En el 2010 el tucán que adorna el billete de ¢5.000 pasará a la historia. Igual suerte correrán los personajes que aparecen en el anverso de los actuales billetes de ¢1.000, ¢2.000 y ¢10.000.
Esas denominaciones también cambiarán de color y otros próceres (cuya elección hará el Banco Central) acompañarán las billeteras de los costarricenses. Además, se incluirán los nuevos billetes de ¢20.000 y ¢50.000.
Los papeles de ¢1.000 tendrán como motivo el bosque tropical seco y mantendrán el color rojo; los de ¢2.000 resaltarán los arrecifes de coral en azul; los de ¢5.000 llevarán impreso un manglar en amarillo, los de ¢10.000 el bosque tropical húmedo y serán verdes; los futuros de ¢20.000 tendrán un páramo en anaranjado y los de ¢50.000 el bosque tropical nuboso en morado.
Para los nuevos diseños, el Banco Central abrirá un concurso en junio entre empresas del ramo.
Al fuego. Con la llegada de los nuevos billetes, los viejos serán destruidos por el fuego. Para recoger los, el Banco Central tendrá seis meses de plazo.
Actualmente hay 84 millones de billetes en circulación. Juntos suman ¢455.000 millones.
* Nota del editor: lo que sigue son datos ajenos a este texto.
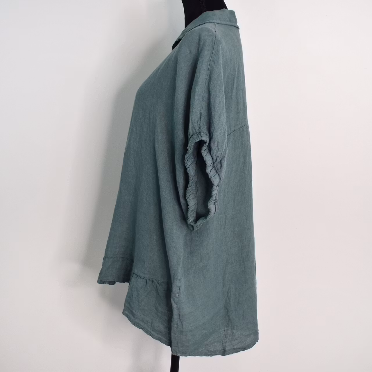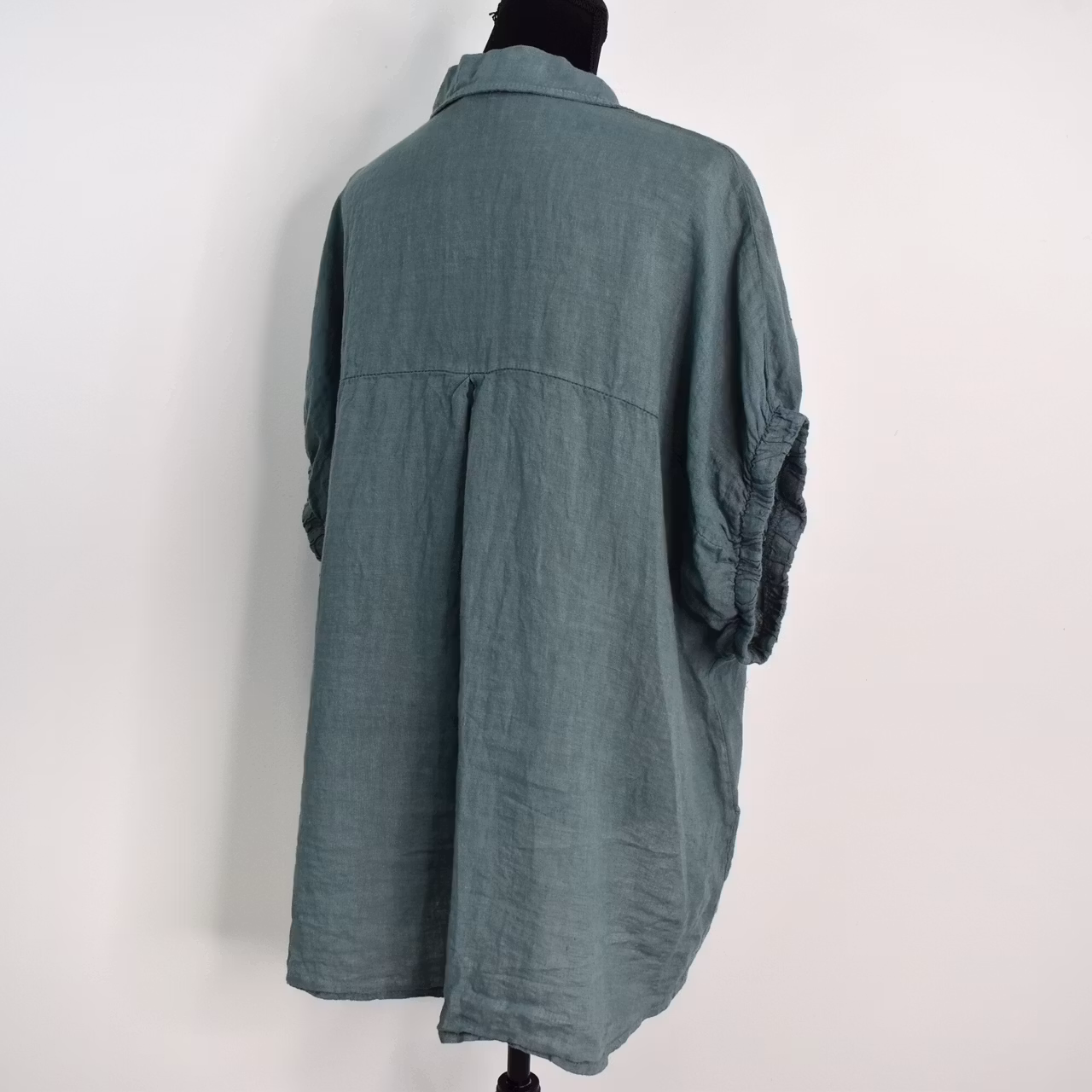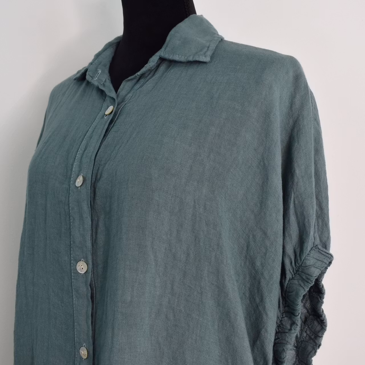 Det här är en snygg linneskjorta med läcker kort, rynkad resår-ärm samt en liten volang längst ner framtill. Där är pärlemorknappar hela vägen fram och skjortan är längre baktill. Under sömmen tvärs över ryggen är där ett dekorativt sprund. Tänk på att materialet inte innehåller stretch och att tyget är något genomskinligt. Rymlig One Size - passar uppskattningsvis upp till storlek 42. Då vi alla är olika formade rekommenderar vi att man tar hjälp av måtten längre ner i beskrivningen nedan för att bedöma om plagget kan passa. Modellen har en bröstvidd på cirka 88cm och är 163cm lång. Observera att förekomsten av streck, färgskiftningar etc. inte är defekter utan en del av det som gör tyget vackert.

Los que más se emiten son los de ¢10.000, de los cuales hay 32,1 millones.
“Cuando esté lista la nueva emisión, se hará una fuerte distribución a través de los bancos comerciales. La idea es recoger la mayor cantidad de billetes viejos sin importar su condición”, dijo Ricardo Rodríguez, director de Tesorería del Central.
Por mes, la entidad quema 1,5 millones de billetes que se encuentran en mal estado.